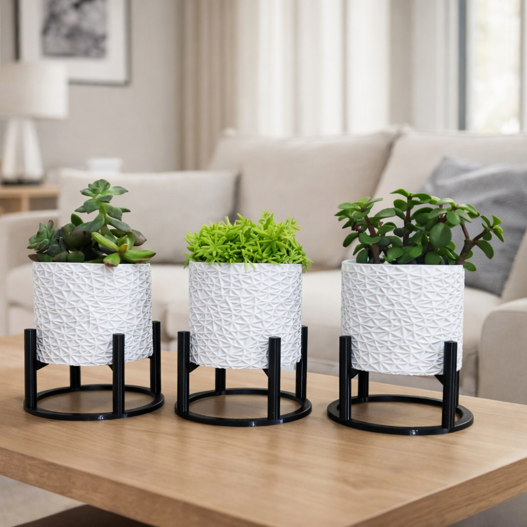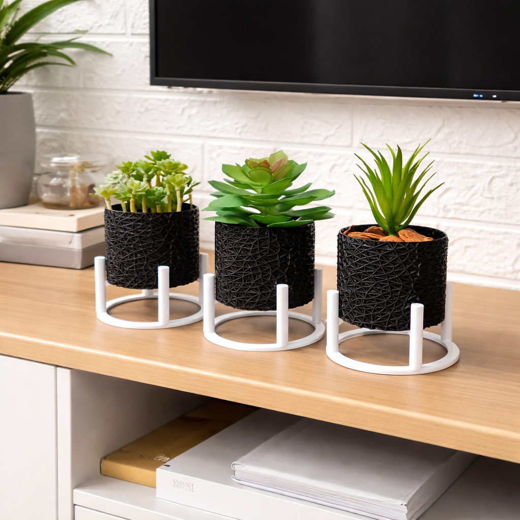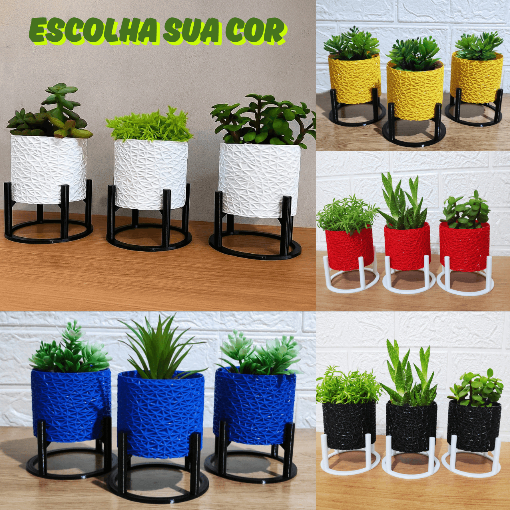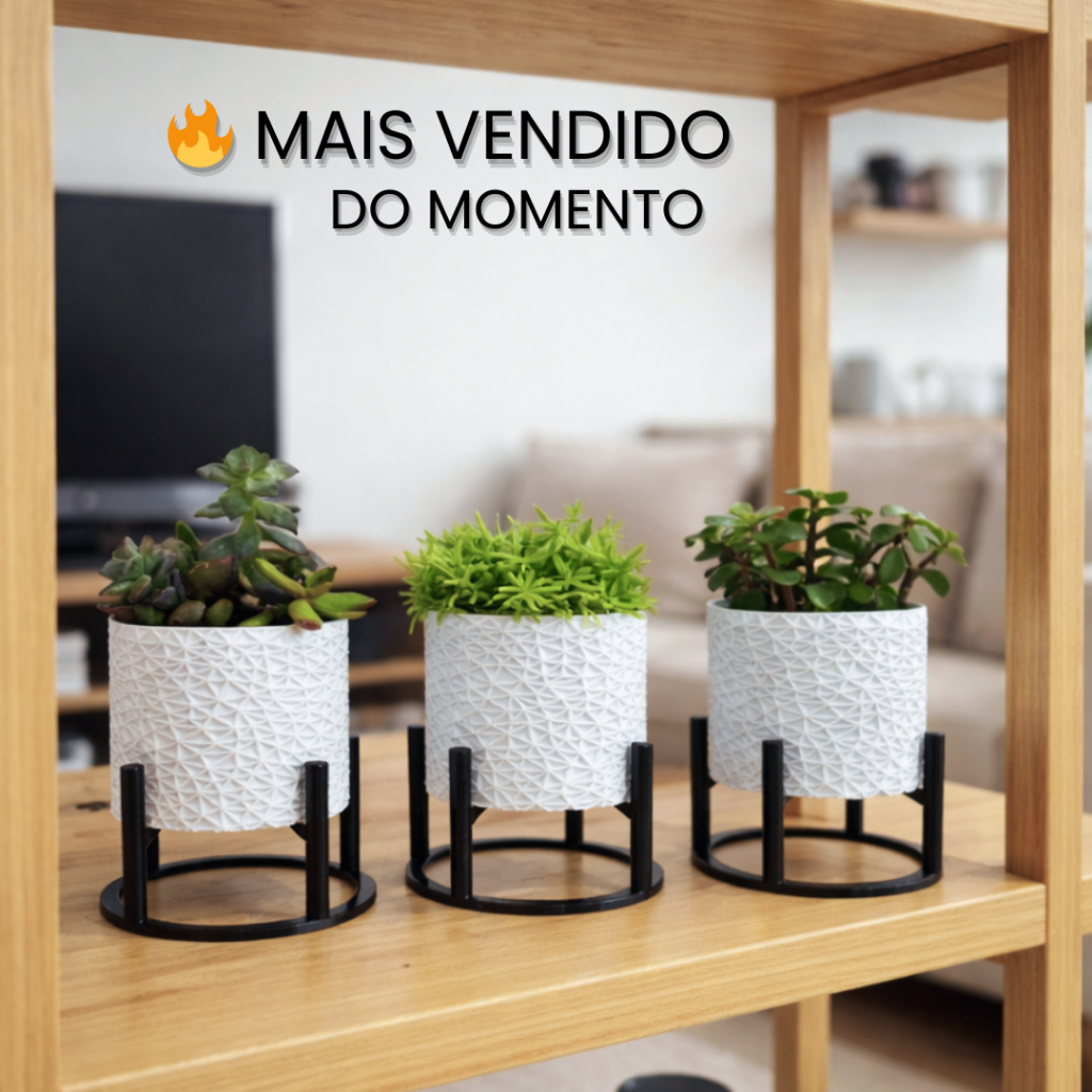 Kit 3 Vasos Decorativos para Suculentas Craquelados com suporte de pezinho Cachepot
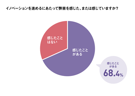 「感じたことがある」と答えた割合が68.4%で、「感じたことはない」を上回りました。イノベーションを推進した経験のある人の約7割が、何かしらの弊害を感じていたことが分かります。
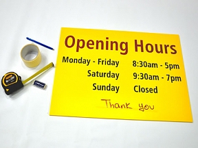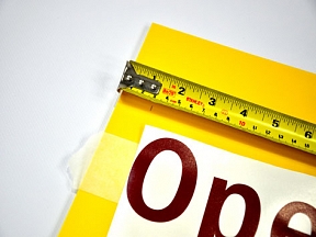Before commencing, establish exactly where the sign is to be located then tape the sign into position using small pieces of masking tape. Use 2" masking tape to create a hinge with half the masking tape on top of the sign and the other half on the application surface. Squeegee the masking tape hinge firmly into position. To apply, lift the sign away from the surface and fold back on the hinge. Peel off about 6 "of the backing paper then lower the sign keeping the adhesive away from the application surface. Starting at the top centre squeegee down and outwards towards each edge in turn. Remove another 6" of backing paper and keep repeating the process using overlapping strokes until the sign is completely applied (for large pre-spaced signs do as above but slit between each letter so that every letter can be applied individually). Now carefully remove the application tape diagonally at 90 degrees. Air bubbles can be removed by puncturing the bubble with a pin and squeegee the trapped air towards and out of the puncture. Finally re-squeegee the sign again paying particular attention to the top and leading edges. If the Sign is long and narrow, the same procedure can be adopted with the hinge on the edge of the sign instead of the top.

▬▬▬

▶ [Activity] Omit the pictures and give the material again, exactly and in full.

▶ [Exercise output]
 Kit 3 Vasos Decorativos para Suculentas Craquelados com suporte de pezinho Cachepot
 「感じたことがある」と答えた割合が68.4%で、「感じたことはない」を上回りました。イノベーションを推進した経験のある人の約7割が、何かしらの弊害を感じていたことが分かります。
Before commencing, establish exactly where the sign is to be located then tape the sign into position using small pieces of masking tape. Use 2" masking tape to create a hinge with half the masking tape on top of the sign and the other half on the application surface. Squeegee the masking tape hinge firmly into position. To apply, lift the sign away from the surface and fold back on the hinge. Peel off about 6 "of the backing paper then lower the sign keeping the adhesive away from the application surface. Starting at the top centre squeegee down and outwards towards each edge in turn. Remove another 6" of backing paper and keep repeating the process using overlapping strokes until the sign is completely applied (for large pre-spaced signs do as above but slit between each letter so that every letter can be applied individually). Now carefully remove the application tape diagonally at 90 degrees. Air bubbles can be removed by puncturing the bubble with a pin and squeegee the trapped air towards and out of the puncture. Finally re-squeegee the sign again paying particular attention to the top and leading edges. If the Sign is long and narrow, the same procedure can be adopted with the hinge on the edge of the sign instead of the top.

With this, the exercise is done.